Such habits are not wholly incompatible with wisdom or generosity, and the devil’s advocate would not advance them against their possessor’s canonization; none the less, in everyday life they make against your enjoying a chat with their possessor: and as for Kennaston’s undeniable mental gifts, there is no escaping, at times, the gloomy suspicion that fiddling with pens and ink is, after all, no fit employment for a grown man.

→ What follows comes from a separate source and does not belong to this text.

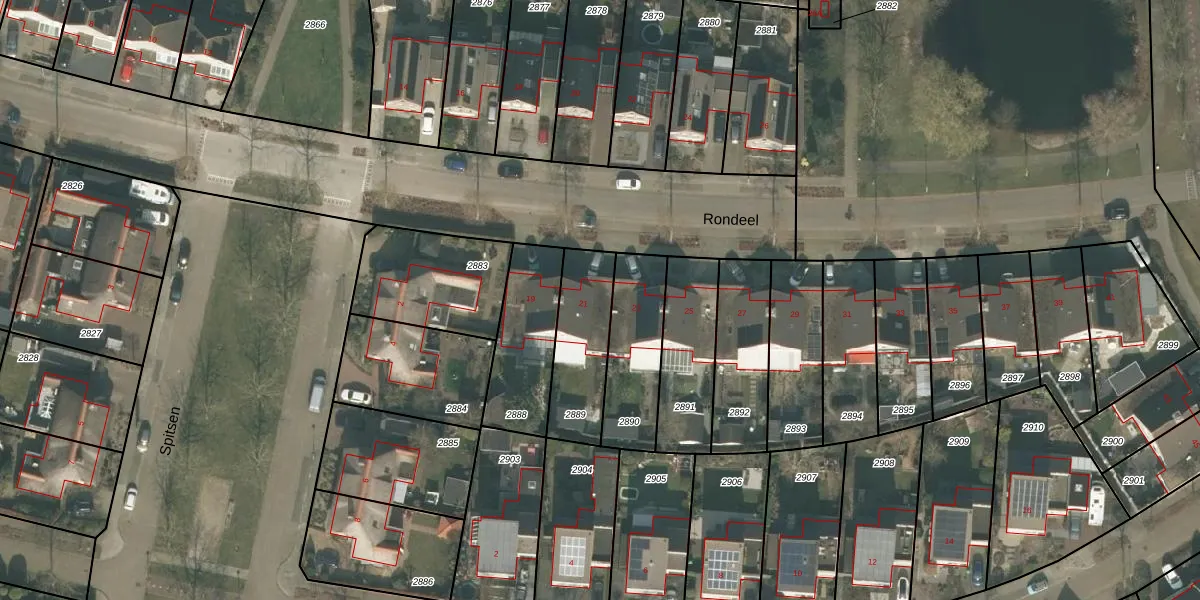 Het perceel waarop Rondeel 21 staat heeft een oppervlakte van 285 m². Dit is een middelgroot perceel. De perceeloppervlakte wordt geregistreerd door het Kadaster. Gedetailleerde informatie over de maten van dit perceel kunt u vinden in het rapport Kadastrale kaart met maatvoering van Rondeel 21.

Felix Kennaston, to fix the word, was inadequate. His books apart, he was as a human being a failure. Indeed, in some inexpressible fashion, he impressed you as uneasily shirking life. Certainly he seemed since his marriage to have relinquished all conversational obligations to his wife. She had a curious trick of explaining him, before his face—in a manner which was not unreminiscent of the lecturer in “side-shows” pointing out the peculiarities of the living skeleton or the glass-eater; but it was done with such ill-concealed pride in him that I found it touching, even when she was boring me about the varieties of food he could not be induced to touch or his finicky passion for saving every bit of string he came across.
That suggests a minor mystery: many women had been fond of Felix Kennaston; and I have yet to find a man who liked him even moderately, to offset the host who marveled, with unseemly epithets, as to what these women saw in him. My wife explains it, rather enigmatically, that he was “just a twoser”; and that, in addition, he expected women to look after him, so that naturally they did. To her superior knowledge of the feminine mind I can but bow: with the addition (quoting the same authority) that a “twoser” is a trousered individual addicted to dumbness in company and the very thrilliest sort of play-acting in tête-à-têtes.
At all events, I never quite liked Felix Kennaston—not even after I came to understand that the man I knew in the flesh was but a very ill-drawn likeness of Felix Kennaston. After all, that is the whole sardonic point of his story—and, indeed, of every human story—that the person you or I find in the mirror is condemned eternally to misrepresent us in the eyes of our fellows. But even with comprehension, I never cordially liked the man; and so, it may well be that his story is set down not all in sympathy.
With which Gargantuan parenthesis, in equitable warning, I return again to his story.
III
Of Idle Speculations in a Library
FELIX KENNASTON did not write very long that night. He fell idly to the droll familiar wondering how this dull fellow seated here in this luxurious room could actually be Felix Kennaston....
He was glad this spacious and subduedly-glowing place, and all the comfortable appointments of Alcluid, belonged to him. He had seen enough of the scrambling hand-to-mouth makeshifts of poverty, in poverty’s heart-depressing habitations, during the thirty-eight years he weathered before the simultaneous deaths, through a motor accident, of a semi-mythical personage known since childhood as “your Uncle Henry in Lichfield,” and of Uncle Henry’s only son as well, had raised Felix Kennaston beyond monetary frets. As yet Kennaston did not very profoundly believe in this unlooked-for turn; and in the library of his fine house in particular he had still a sense of treading alien territory under sufferance.
Yet it was a territory which tempted exploration with alluring vistas. Kennaston had always been, when there was time for it, “very fond of reading,” as his wife was used to state in tones of blended patronage and apology. Kathleen Kennaston, in the old days of poverty, had declaimed too many pilfered dicta concerning literary matters to retain any liking for them.